Sector Report from Bank Austria Economics:
Tourism in Austria enjoys record demand but revenue is weak
- 2012 saw a return to pre-crisis levels, with a nominal 2.4 per cent increase taking total revenue to EUR 22.3 billion
- Despite steady demand, the overall picture for tourism in 2013 is gloomier, as revenue is not increasing; adjustments for price changes are even expected to bring a slight fall
- The sector is expected to grow more strongly during 2014
- More visitors staying for shorter periods and spending less money are squeezing the margins of accommodation providers
Although tourism in Austria welcomed record visitor numbers in 2012, the results posted for the financial year were poor. As the latest Sector Report from Bank Austria’s economists reveals, revenue for the sector was up 2.4 per cent in nominal terms, although this was cut to a mere 0.2 per cent in real terms. Analysing the situation, Bank Austria economist Günter Wolf said: "Although total revenue of EUR 22.3 billion for 2012 may have helped tourism make up for the massive downturn of 2009 in nominal terms, the sector remains financially fraught. The sharp rise in visitor numbers during the last three years has failed to translate into increased revenue for the sector after adjusting for price changes, which has ultimately hit its profits."

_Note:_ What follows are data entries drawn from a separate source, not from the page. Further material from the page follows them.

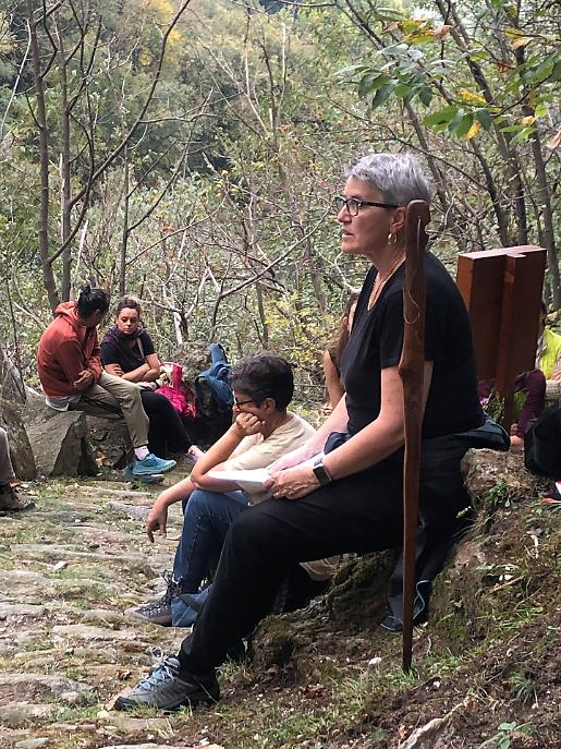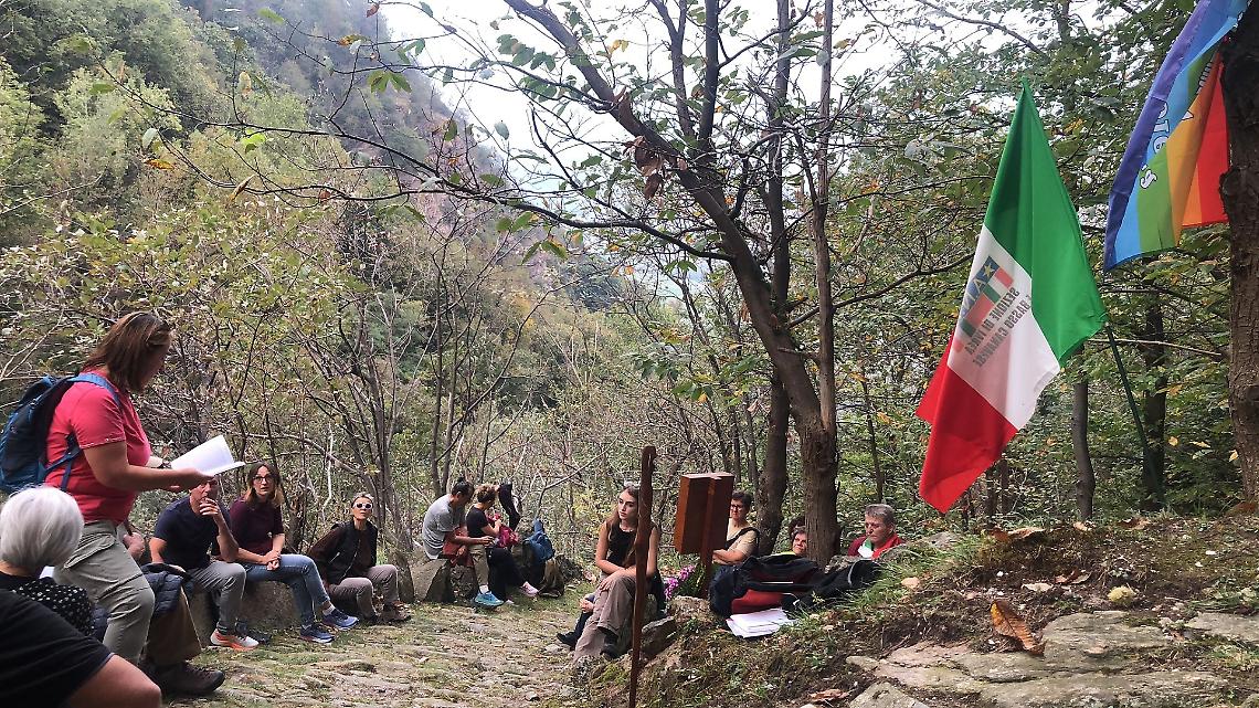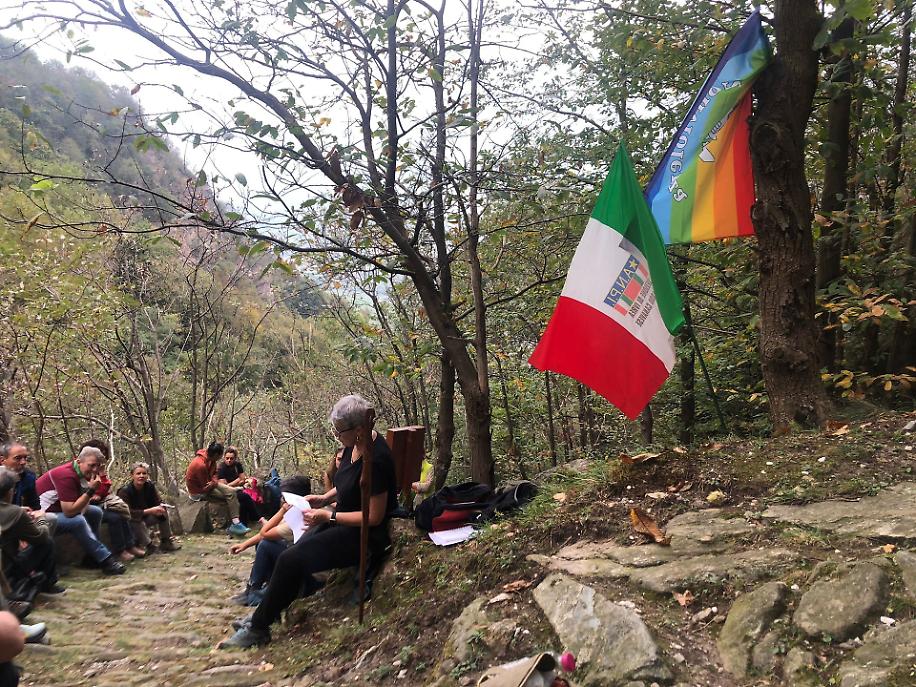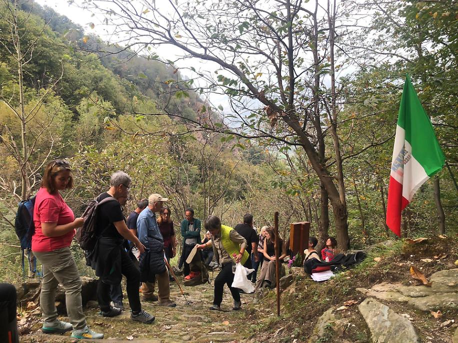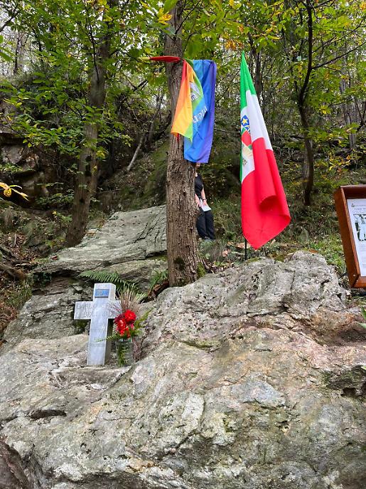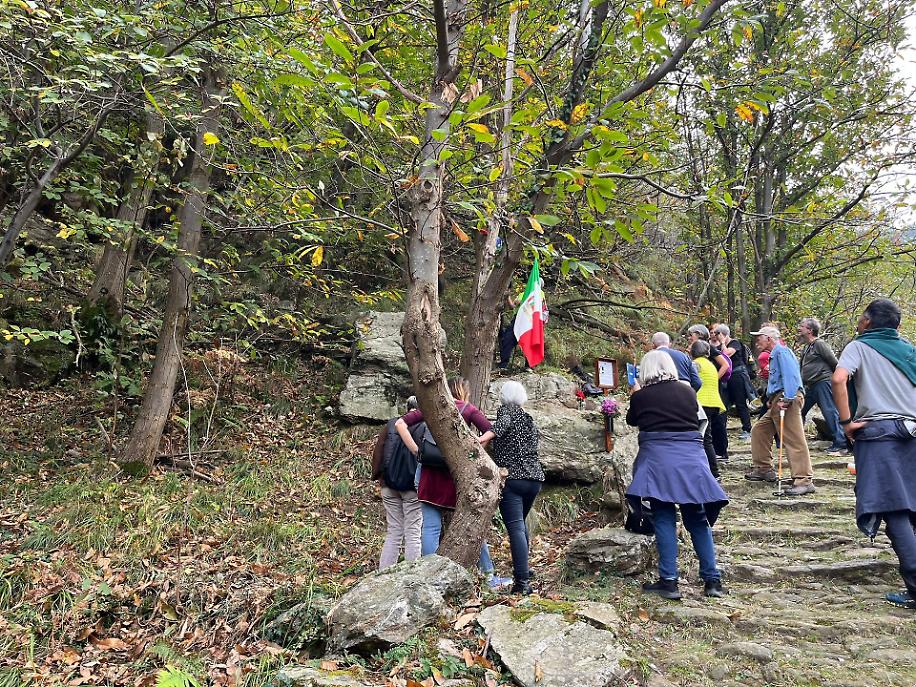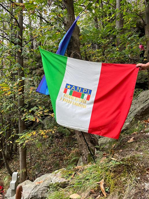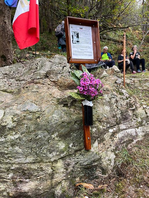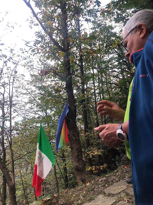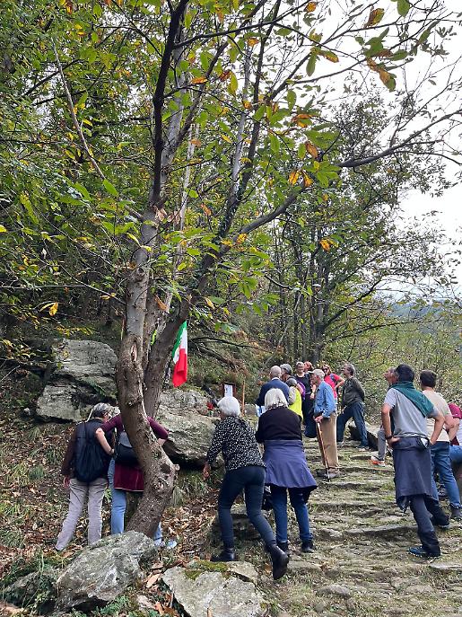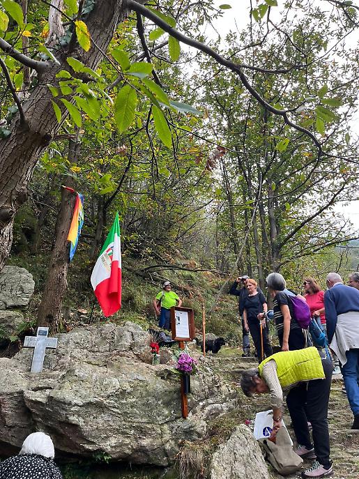Dopo i saluti, il gruppo si è avviato in corteo lungo la mulattiera che sale verso Scalveis, fino alla croce del partigiano Ulisse, il primo a cadere durante la battaglia. Il sentiero è lo stesso di allora: stretto, umido, coperto di foglie. In silenzio, passo dopo passo, i partecipanti hanno portato fiori e parole.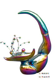 陈志光强调作品的工艺制作,也体现了《易经》另外一种美学概念,就是“离 ”。《易经》中的离卦和古代工艺美术、建筑艺术都有联系,宗白华先生在论述“离”时谈道:“离者,丽也”,即附丽在器物之上的东西是美的,器具的雕饰具有美感,离就是附丽和美丽的统一。陈志光的雕塑是花鸟画附丽在不锈钢上,一方面是雕塑之美,另一方面则是水墨画本身之美。与此同时,宗先生指出,“离也者,明也”, “明”古字,一边是月,一边是窗。而离卦本身形状雕空透明,同窗子有关。离卦的美学表明人与外界既有隔又有通,这是中国古代建筑艺术的基本思想。陈志光的作品要表达的正是这种既隔又通的空间感,传统花鸟图像的格调变成了一种理想化的境界,这是“隔”,而镜面不锈钢反光所形成的实与虚的融合便是“通”。此外,由于“离”就是丽,丽加人旁成“俪”,有并偶之意,因此陈志光在作品中的对偶、对称、对比等对立因素也是离卦中所含的审美因素。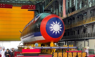 【明報專訊】台灣首艘自製潛艇原型艦「海鯤」今日在台船...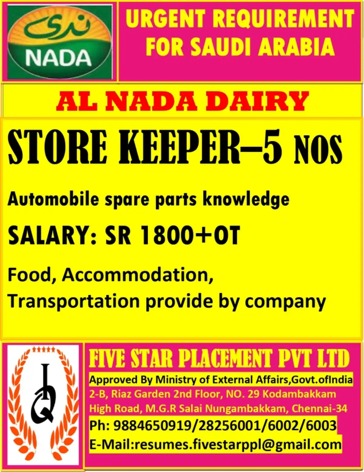 Urgent openings for Store Keepers in Saudi Arabia. Salary SR 1800+OT, benefits included. Apply now!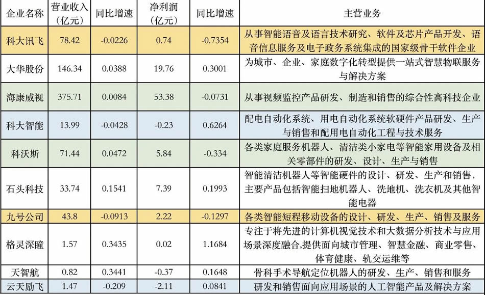 依然以營收和凈利潤兩個指標(biāo)來界定,4家雙增的企業(yè)有大華股份、石頭科技、格靈深瞳、天智航;2家雙降的企業(yè)有科大訊飛、九號公司;4家單降的企業(yè)有?低、科大智能、科沃斯、云天勵飛。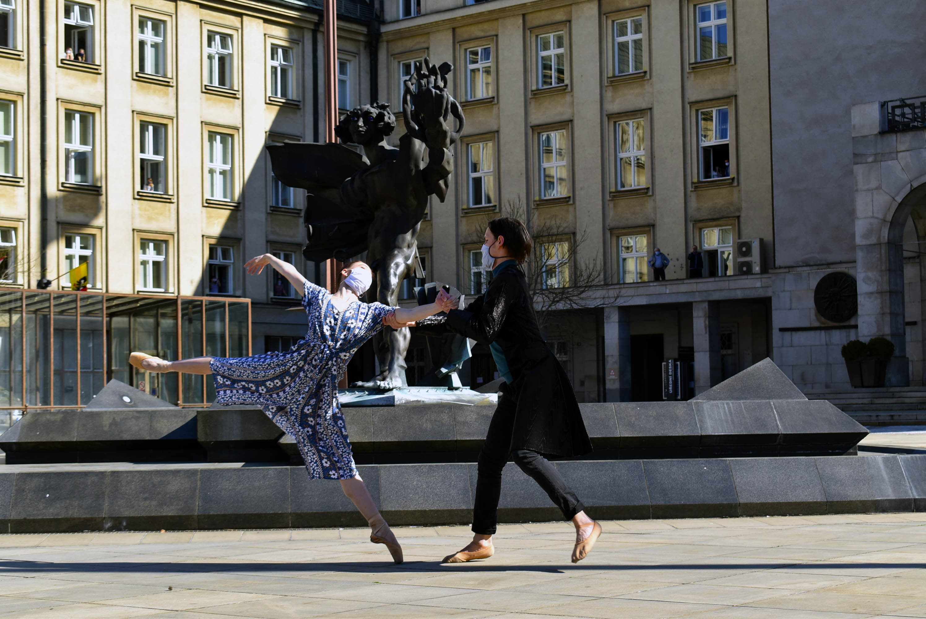 Ladným pohybům tanečníků přihlíželi z oken pracovníci Magistrátu města Ostravy.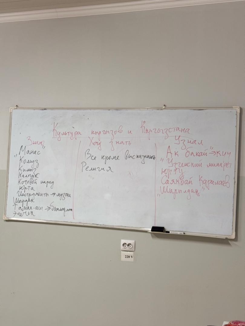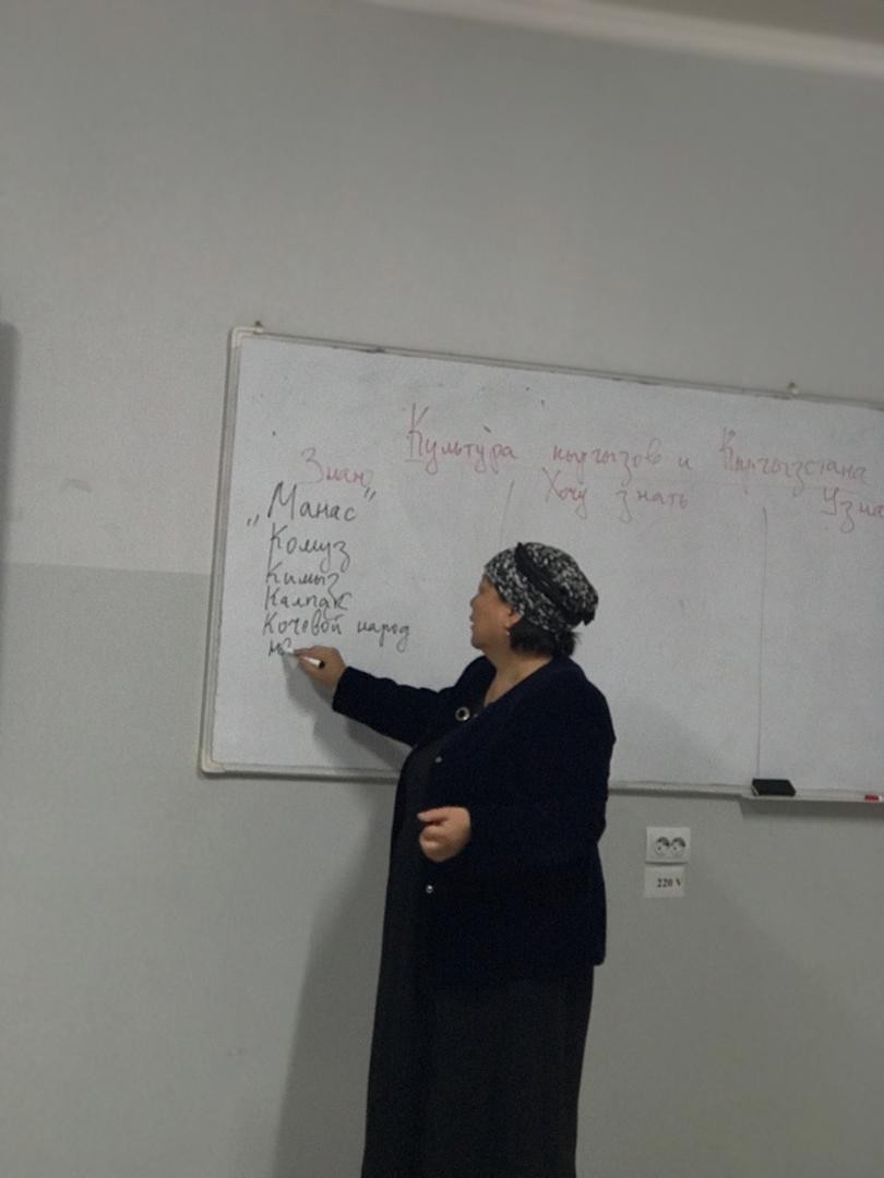 Во время урока были рассмотрены важнейшие этапы развития кыргызской культуры, её традиции, духовные и материальные ценности, а также вклад кыргызского народа в историческое и культурное наследие Центральной Азии.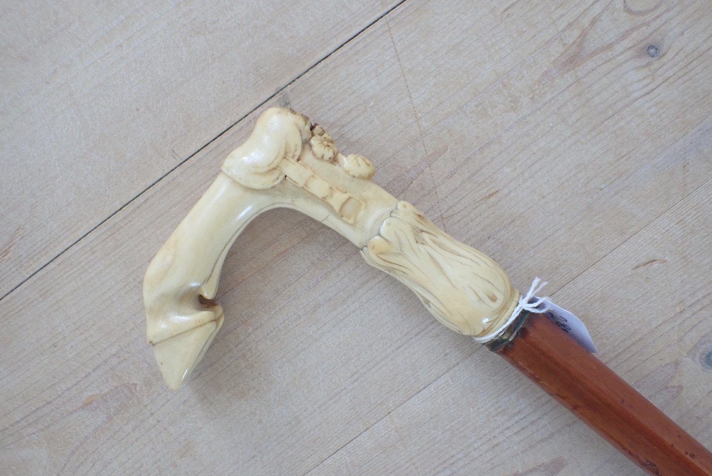 Stok med greb af udskåret elfenben i form af et hesteben sat med metal på en malakkastok med dupsko af gummi. Engelsk? ca. 1880. Længde. 82,7 cm. Sælges med Cites-certifikat. Pæn med tidstypisk slid.

Sharper increases in revenue not expected until 2014
The picture for tourism will ultimately be bleaker in 2013. Although the sector is likely to see visitor numbers remain steady for the year as a whole, growth in revenue will be marginal at best – and will even turn into a slight fall in real terms. Austrian tourism will have to wait until 2014 before it can report any more substantial increases in revenue again as incomes rise and people in the key target markets show a greater appetite for travel. For the moment, the persistently weak economic trend is checking growth of the tourism industry. Although winter 2012/13 proved to be another season of record demand, tourism-based businesses did not really feel the benefit at their tills. The 2 per cent rise in overnight stays during the winter only translated into revenue growth of just under 2 per cent in nominal terms. The relatively steep rise in prices even meant that revenue fell by half of one per cent after adjusting for price changes. During the current summer season, both overnight stays and nominal revenue have decreased slightly so far.
More guests staying for shorter periods and spending less money
Bank Austria economist Günter Wolf continued: "Although the number of visitors to Austria is growing, this growth is actually getting slower and slower from a long-term perspective, and also visitors are staying for shorter periods. Thus it took until 2012 before the record from the early 90s of 130 million overnight stays was matched. What ultimately matters to businesses is that, over the past few years, visitors have been spending less and less and have become increasingly careful with their money." Nominal tourism revenue per visitor fell from an average of EUR 671 in 2008 to EUR 618 in 2012.
Austrian tourism placed third in the World Economic Forum rankings
Thanks to ongoing improvements in terms of the quality of services on offer and ever-better value for money, Austria as a tourist destination has consistently been able to appeal to new segments of the visitor market and make up for falls in demand. Clear evidence of its success in these areas is its third place, behind Switzerland and Germany, in the latest travel and tourism competitiveness rankings published by the World Economic Forum. The World Travel & Tourism Council is expecting Austria’s share of international tourist arrivals in Europe to fall from its current 4.6 per cent to below 4 per cent over the next ten years. There is little danger, however, that domestic tourism will fail to keep pace with the international trend. The sector is suffering not so much from a loss of competitiveness internationally as from the growing number of new competitors, particularly as a result of new markets opening up and cheap flights.
Pressure on margins
The improved quality of services on offer ensured that occupancy rates were higher and, for much of the time, that revenue was also up, although this did not always translate into higher profits. Recent years have seen accommodation providers barely able to cover their increased costs. Figures from the "Österreichische Hotel- und Tourismusbank" show that, seen from a long-term perspective, operating profit has decreased in relation to sales across all segments, but particularly in the case of three-star establishments.
The revenue that tourism-based businesses generate is often too low to finance the level of investment they require. "If you take into account the current low interest rates and the fact that accommodation providers are going to have to up their level of investment again in the near future, then the sector will find it even harder to secure finance going forward as interest rates rise. This will most likely mean the issues of rock-bottom pricing and further cuts to capacity making the headlines once again", Wolf concluded.